§ **Task description**: Leaving out the pictures, return word for word the stretch of entries below from the line holding "今堀 菜珠茄さんを姓名の画数から五運を鑑定" through the line holding "It flips that".

§ **Excerpted records**:
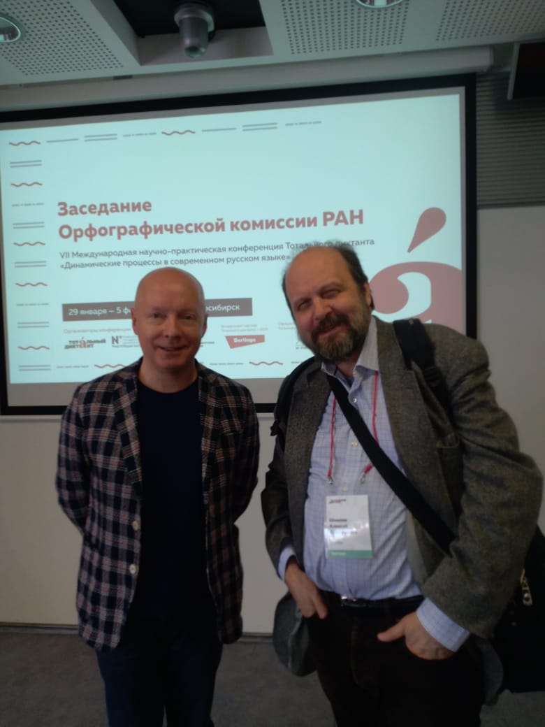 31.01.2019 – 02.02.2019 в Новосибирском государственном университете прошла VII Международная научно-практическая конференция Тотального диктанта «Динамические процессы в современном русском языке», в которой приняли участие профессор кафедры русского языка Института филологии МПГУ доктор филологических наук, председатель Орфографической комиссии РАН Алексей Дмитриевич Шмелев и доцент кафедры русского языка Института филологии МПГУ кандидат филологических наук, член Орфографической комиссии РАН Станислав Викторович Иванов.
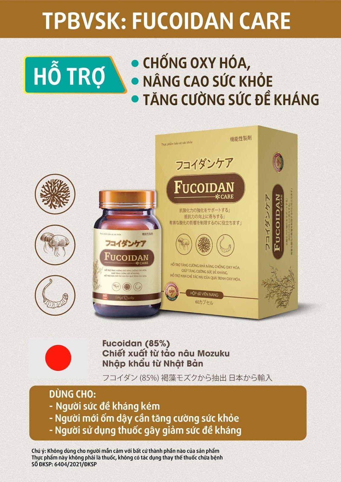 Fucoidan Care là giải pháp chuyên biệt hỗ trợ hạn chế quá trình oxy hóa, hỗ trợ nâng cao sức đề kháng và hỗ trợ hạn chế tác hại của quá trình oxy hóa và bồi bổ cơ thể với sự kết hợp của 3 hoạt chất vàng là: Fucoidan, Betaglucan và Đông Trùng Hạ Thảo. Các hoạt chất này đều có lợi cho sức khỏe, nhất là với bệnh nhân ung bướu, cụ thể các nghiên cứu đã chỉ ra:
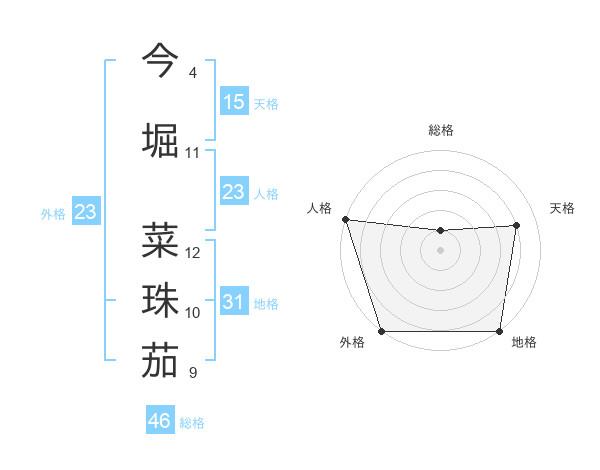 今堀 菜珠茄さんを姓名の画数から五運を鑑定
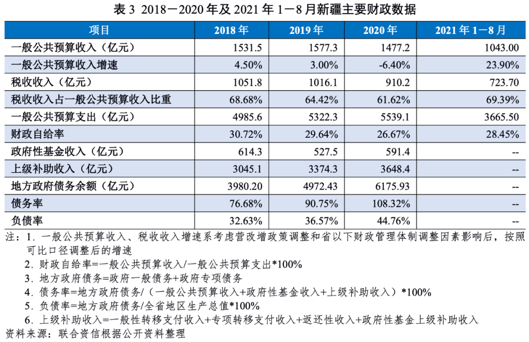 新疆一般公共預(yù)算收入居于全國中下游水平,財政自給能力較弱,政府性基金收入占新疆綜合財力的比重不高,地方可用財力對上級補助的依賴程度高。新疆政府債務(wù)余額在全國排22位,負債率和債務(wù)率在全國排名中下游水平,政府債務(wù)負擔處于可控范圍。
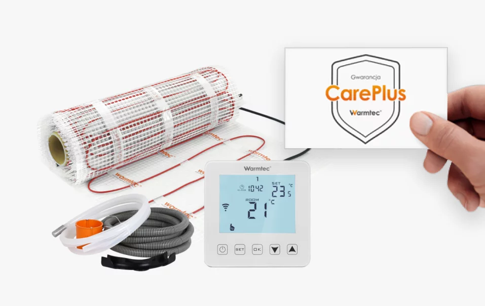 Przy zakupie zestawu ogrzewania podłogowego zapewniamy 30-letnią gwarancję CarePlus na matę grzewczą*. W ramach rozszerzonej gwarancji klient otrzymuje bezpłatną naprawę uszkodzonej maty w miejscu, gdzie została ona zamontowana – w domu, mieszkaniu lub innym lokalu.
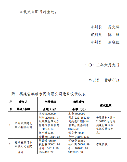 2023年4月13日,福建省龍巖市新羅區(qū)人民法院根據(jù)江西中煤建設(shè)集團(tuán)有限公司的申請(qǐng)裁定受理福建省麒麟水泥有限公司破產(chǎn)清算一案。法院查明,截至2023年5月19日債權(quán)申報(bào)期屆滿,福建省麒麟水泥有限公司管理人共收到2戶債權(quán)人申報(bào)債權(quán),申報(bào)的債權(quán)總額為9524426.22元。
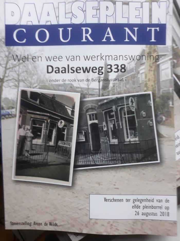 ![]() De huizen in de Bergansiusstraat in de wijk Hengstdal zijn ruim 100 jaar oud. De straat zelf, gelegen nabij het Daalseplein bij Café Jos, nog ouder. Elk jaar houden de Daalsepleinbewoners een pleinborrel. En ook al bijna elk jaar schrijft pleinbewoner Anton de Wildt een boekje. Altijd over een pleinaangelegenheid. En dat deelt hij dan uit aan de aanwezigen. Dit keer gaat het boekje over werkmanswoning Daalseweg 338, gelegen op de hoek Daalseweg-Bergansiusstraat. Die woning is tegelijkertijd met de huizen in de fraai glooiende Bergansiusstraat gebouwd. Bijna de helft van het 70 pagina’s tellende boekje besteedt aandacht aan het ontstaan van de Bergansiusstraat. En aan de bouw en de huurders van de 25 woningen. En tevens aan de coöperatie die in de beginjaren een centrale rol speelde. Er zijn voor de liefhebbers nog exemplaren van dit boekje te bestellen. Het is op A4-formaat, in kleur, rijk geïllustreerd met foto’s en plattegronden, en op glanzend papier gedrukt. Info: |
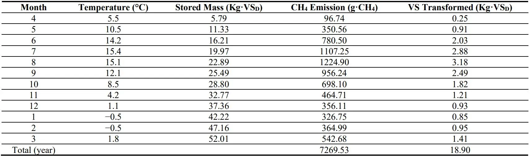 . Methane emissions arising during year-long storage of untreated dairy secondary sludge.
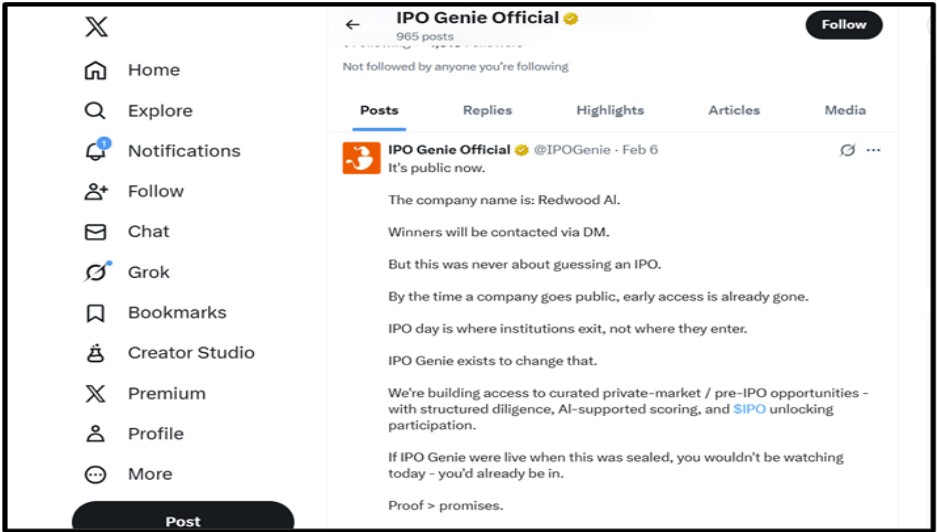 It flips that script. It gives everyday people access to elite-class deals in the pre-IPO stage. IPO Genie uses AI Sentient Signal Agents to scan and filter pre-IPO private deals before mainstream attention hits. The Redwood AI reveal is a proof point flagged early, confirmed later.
...
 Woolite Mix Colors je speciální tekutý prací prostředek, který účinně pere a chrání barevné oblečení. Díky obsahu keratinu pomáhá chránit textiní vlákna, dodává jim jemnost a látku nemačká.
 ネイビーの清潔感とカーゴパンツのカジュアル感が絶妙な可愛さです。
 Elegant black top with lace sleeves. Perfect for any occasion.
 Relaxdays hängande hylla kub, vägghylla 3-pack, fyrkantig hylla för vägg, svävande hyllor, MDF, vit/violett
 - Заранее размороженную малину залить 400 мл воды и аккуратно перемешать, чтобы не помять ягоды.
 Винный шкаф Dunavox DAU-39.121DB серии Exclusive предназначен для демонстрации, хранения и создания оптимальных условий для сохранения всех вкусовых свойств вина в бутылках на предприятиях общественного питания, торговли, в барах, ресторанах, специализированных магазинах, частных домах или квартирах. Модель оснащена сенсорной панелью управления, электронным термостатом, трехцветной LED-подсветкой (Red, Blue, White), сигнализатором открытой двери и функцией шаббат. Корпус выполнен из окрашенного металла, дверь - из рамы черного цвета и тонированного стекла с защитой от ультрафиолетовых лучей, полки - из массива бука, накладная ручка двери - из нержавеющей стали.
==
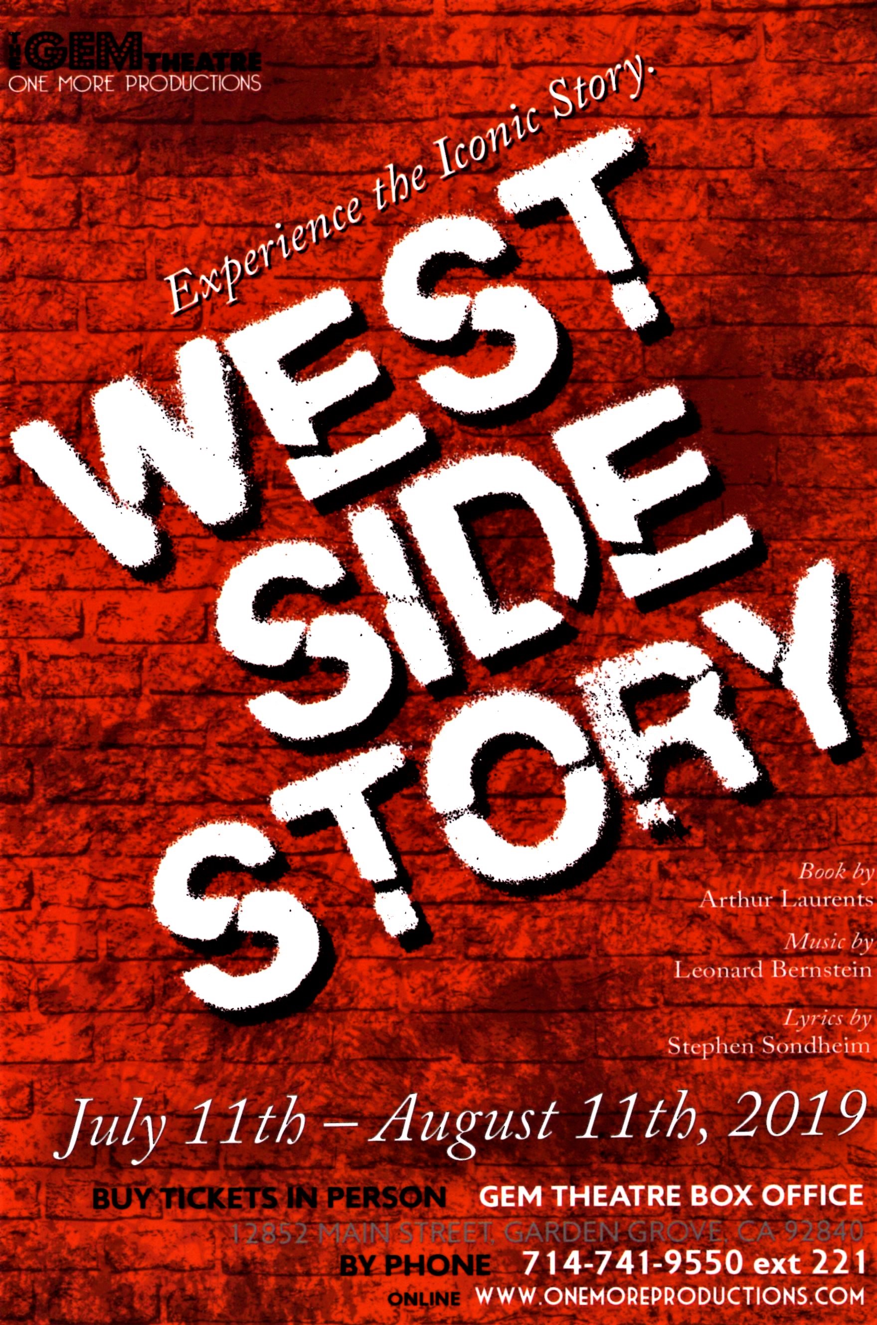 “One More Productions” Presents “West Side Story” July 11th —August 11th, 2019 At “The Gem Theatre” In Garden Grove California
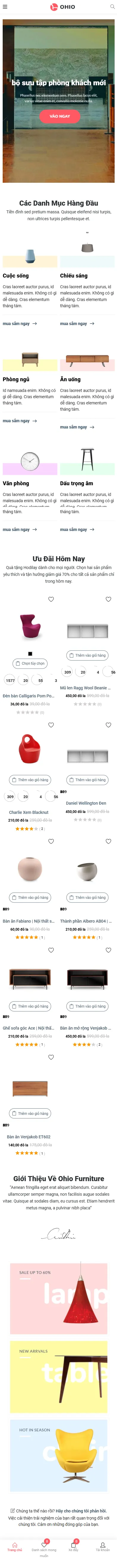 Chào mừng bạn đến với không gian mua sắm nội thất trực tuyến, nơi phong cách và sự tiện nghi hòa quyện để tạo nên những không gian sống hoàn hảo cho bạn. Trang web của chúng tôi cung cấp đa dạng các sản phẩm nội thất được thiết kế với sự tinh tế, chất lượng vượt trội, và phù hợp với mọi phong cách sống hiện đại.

§ **Solution for this task**:
 今堀 菜珠茄さんを姓名の画数から五運を鑑定
 新疆一般公共預(yù)算收入居于全國中下游水平,財政自給能力較弱,政府性基金收入占新疆綜合財力的比重不高,地方可用財力對上級補助的依賴程度高。新疆政府債務(wù)余額在全國排22位,負債率和債務(wù)率在全國排名中下游水平,政府債務(wù)負擔處于可控范圍。
 Przy zakupie zestawu ogrzewania podłogowego zapewniamy 30-letnią gwarancję CarePlus na matę grzewczą*. W ramach rozszerzonej gwarancji klient otrzymuje bezpłatną naprawę uszkodzonej maty w miejscu, gdzie została ona zamontowana – w domu, mieszkaniu lub innym lokalu.
 2023年4月13日,福建省龍巖市新羅區(qū)人民法院根據(jù)江西中煤建設(shè)集團(tuán)有限公司的申請(qǐng)裁定受理福建省麒麟水泥有限公司破產(chǎn)清算一案。法院查明,截至2023年5月19日債權(quán)申報(bào)期屆滿,福建省麒麟水泥有限公司管理人共收到2戶債權(quán)人申報(bào)債權(quán),申報(bào)的債權(quán)總額為9524426.22元。
 ![]() De huizen in de Bergansiusstraat in de wijk Hengstdal zijn ruim 100 jaar oud. De straat zelf, gelegen nabij het Daalseplein bij Café Jos, nog ouder. Elk jaar houden de Daalsepleinbewoners een pleinborrel. En ook al bijna elk jaar schrijft pleinbewoner Anton de Wildt een boekje. Altijd over een pleinaangelegenheid. En dat deelt hij dan uit aan de aanwezigen. Dit keer gaat het boekje over werkmanswoning Daalseweg 338, gelegen op de hoek Daalseweg-Bergansiusstraat. Die woning is tegelijkertijd met de huizen in de fraai glooiende Bergansiusstraat gebouwd. Bijna de helft van het 70 pagina’s tellende boekje besteedt aandacht aan het ontstaan van de Bergansiusstraat. En aan de bouw en de huurders van de 25 woningen. En tevens aan de coöperatie die in de beginjaren een centrale rol speelde. Er zijn voor de liefhebbers nog exemplaren van dit boekje te bestellen. Het is op A4-formaat, in kleur, rijk geïllustreerd met foto’s en plattegronden, en op glanzend papier gedrukt. Info: |
 . Methane emissions arising during year-long storage of untreated dairy secondary sludge.
 It flips that script. It gives everyday people access to elite-class deals in the pre-IPO stage. IPO Genie uses AI Sentient Signal Agents to scan and filter pre-IPO private deals before mainstream attention hits. The Redwood AI reveal is a proof point flagged early, confirmed later.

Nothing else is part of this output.